In order to complete the obliteration of Nehru, his contemporaries have to be elevated. Also Modi has to become him, from his celebration of India's scientific temper to his public emphasis on cooperative federalism.

Modi is not alone in his dislike of Nehru. The RSS shares his deep hatred of India's first prime minister. Photo: PTI
Modi is not alone in his dislike of Nehru. The RSS shares his deep hatred of India's first prime minister. Photo: PTI

Hence also Modi's very public conquest of the West and his calibrated embraces. The West is, after all, the site of Nehru’s ideological education. It is also the site of his many diplomatic victories, whether it was the Non Aligned Movement, or India's role in the Commonwealth. It is no surprise that Modi has retraced the footsteps of Nehru, including most recently, in going to Wuhan and being Bhai-Bhai with the Chinese. 

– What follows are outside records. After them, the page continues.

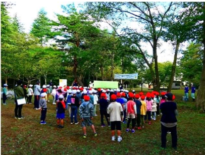
どんぐりの森づくりプロジェクト 10月12日開催 97人参加

10月12日に向山小学校1・2年生と一緒にどんぐりの植え付けを行いました。また、海岸公園での育樹会等に提供するため、どんぐりの苗を栽培しました。
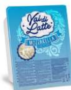
PRODUITS FRAIS FIOR DI LATTE BARQUETTE COUPE NAPOLI 2.5 KG VAI DI LATTE
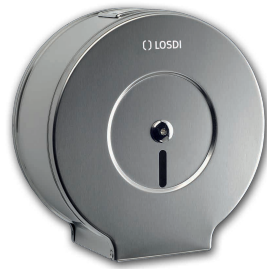
REF: CO-0202 , Finition BROSSÉ
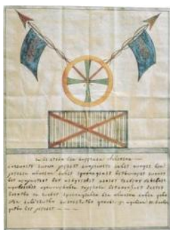
Το έμβλημα της Φιλικής Εταιρείας

συνθηματικό αρχικό του μέλους στο οποίο προοριζόταν η οδηγία. Όλα τα μέλη της Φιλικής Εταιρείας ήταν υποχρεωμένα να εκτελούν χωρίς αντίρρηση τις διαταγές της λεγόμενης «Αόρατης Ανώτατης Αρχής». Γνώριζαν καλά, άλλωστε, πως εκείνος που θα δοκίμαζε να αποκαλύψει το μυστικό θα έβαζε σε κίνδυνο τη ζωή του, αφού στην ιστορία της Φιλικής Εταιρείας έχουμε και περιπτώσεις που οι προδότες τιμωρήθηκαν με θάνατο. Αρκετοί βέβαια ήταν αυτοί που πίστευαν ότι πίσω από την Αόρατη Αρχή κρυβόταν ο Ιωάννης Καποδίστριας ή ακόμη και ο ίδιος ο τσάρος. Στην πραγματικότητα οι πρωτεργάτες της Εταιρείας είχαν όντως απευθυνθεί στον Ιωάννη Καποδίστρια, που ήταν τότε υπουργός εξωτερικών της Ρωσίας. Όμως εκείνος, επειδή γνώριζε την εχθρική διάθεση των ευρωπαϊκών δυνάμεων απέναντι στα επαναστατικά κινήματα, αρνήθηκε. Στη συνέχεια, απευθύνθηκαν στον Αλέξανδρο Υψηλάντη, ο οποίος δέχτηκε με ενθουσιασμό κι έγινε ο γενικός αρχηγός της Φιλικής Εταιρείας.
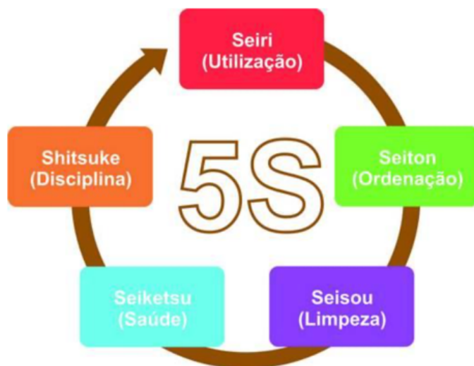
Figura 1: Conceitos do programa 5S

de grande apoio pessoal e financeiro. O 5S tem como objetivo a valo-
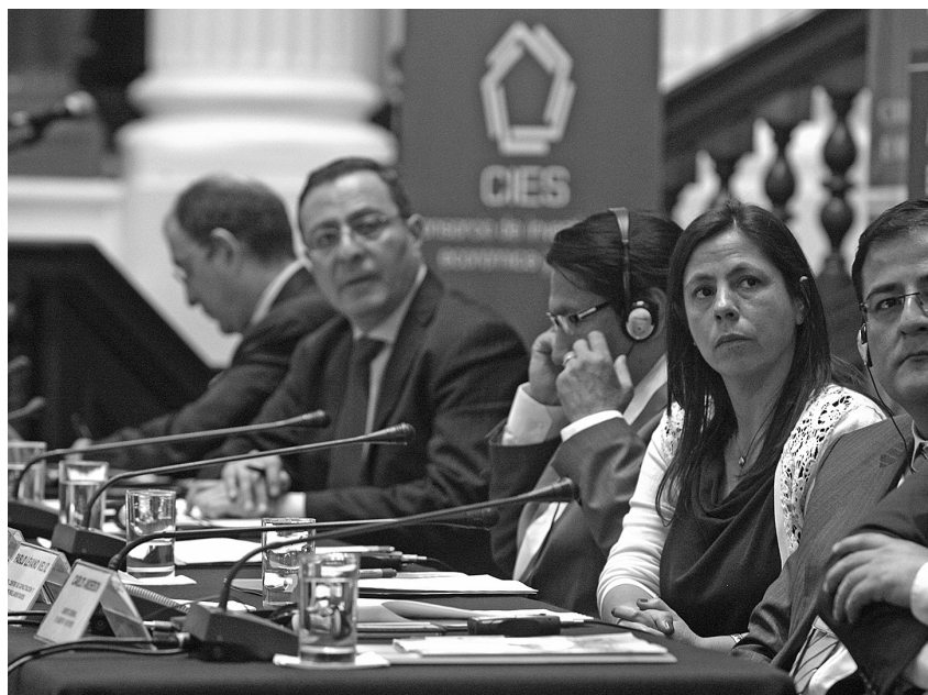
Los comentaristas expusieron sobre los graves problemas que enfrenta el mercado laboral peruano, entre ellos, la informalidad y la baja productividad de una gran parte de la masa de trabajadores.

“Employment prospects and labor market policies”, Pissarides 2015.
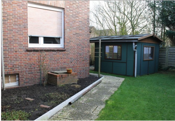
7972 Garten Bild II
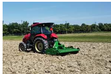
オートトラクタの実証
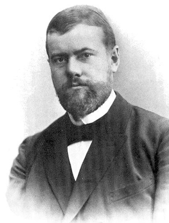
Max Weber (1864-1920)

Així, doncs, durant un temps s'associava la figura dels partits de masses als partits d'esquerra, mentre que el model de quadres s'identificava amb els partits conservadors. De fet, per motius diversos, pràcticament tots els partits polítics disposen d'estructures organitzatives rellevants i d'una base més o menys àmplia de militants. Els possibles problemes de reclutament de membres no és exclusiu d'un tipus de partits o d'un altre, i en bona part la relació entre militants i votants és, en termes generals, similar entre ells.
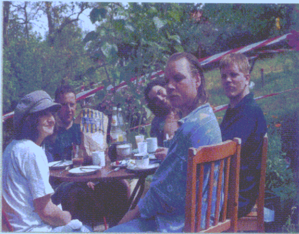
Pause beim „Gartenprojekt“

Modi is not alone in his dislike of Nehru. The RSS shares his deep hatred of India's first prime minister, seeing him as single handedly responsible for establishing our syncretic culture. If Nehru is erased from history, it allows them to foist their version of Indian triumphalism. Everything changes. The Nehru achkan becomes the Modi jacket; the rose in the buttonhole becomes the pocket square; and the Nehru prose becomes the Modi slogans.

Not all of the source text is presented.